Он нажимает на дверной звонок и терпеливо ждет. Нет ответа. Тогда он громко тарабанит кулаком в дверь. Тоже безрезультатно.
Впрочем, этого и следовало ожидать: сейчас только середина рабочего дня, а значит, он притащился сюда совершенно напрасно!
Но тут вдруг дверь соседней квартиры открывается, и на пороге появляется пожилой мужчина, явно пенсионер. У него такой вид, как будто стук в соседнюю дверь нарушил его послеобеденный сон. Он сердито смотрит на нежданного гостя.

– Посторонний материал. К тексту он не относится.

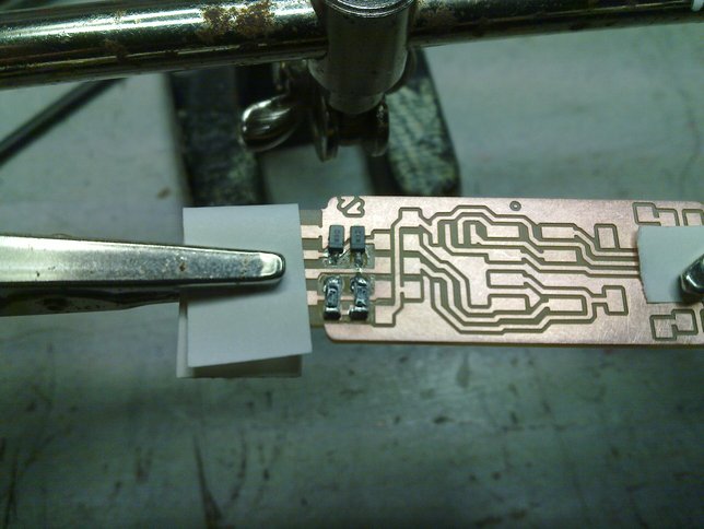 We'll start with two 1K resistors, here are a couple of solder blobs on one side of their pads.

— Что вам здесь нужно? — угрюмо спрашивает он.
— Добрый день, мсье…
Эрик сразу же пытается настроить разговор на позитивный лад и поспешно объясняет, что он — не взломщик, не агент службы ремонта неисправных пылесосов и не свидетель Иеговы. Он — всего лишь благонамеренный полицейский.
— Вы ищете мадемуазель Эноден?
— От вас ничего не утаишь! — Эрик льстиво улыбается. — В каком часу она обычно возвращается?

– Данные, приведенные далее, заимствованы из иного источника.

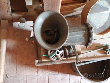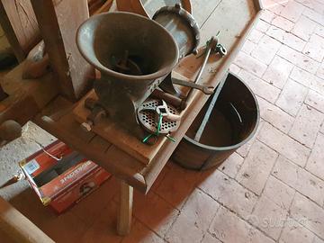 Macchina manuale Antica della 3 Spade per salami. Completa di lame e asse d'appoggio, misura circa 37cm. 120? Solo ritiro in loco vista e piaciuta così come si trova.

— Ни в каком! Она уже давным-давно сюда не приходит!
— В самом деле? А почему?
— Она не живет здесь вот уже несколько месяцев… Она, правда, время от времени заглядывает сюда, чтобы забрать почту, но…
— А вы не скажете, где я мог бы найти ее?
— Нет, она мне не докладывала, куда именно соизволила переехать!
— А вы хорошо знаете мадемуазель Эноден?
— Нет, не очень. Она… она немного того.
— Что значит «немного того»?
— Да я не могу толком объяснить… Она просто какая-то странная — вот и все!
— А как она выглядит?
На лице угрюмого пенсионера вдруг появляется похотливая улыбка.
— Она довольно смазливая, мсье! Можно сказать, красотка!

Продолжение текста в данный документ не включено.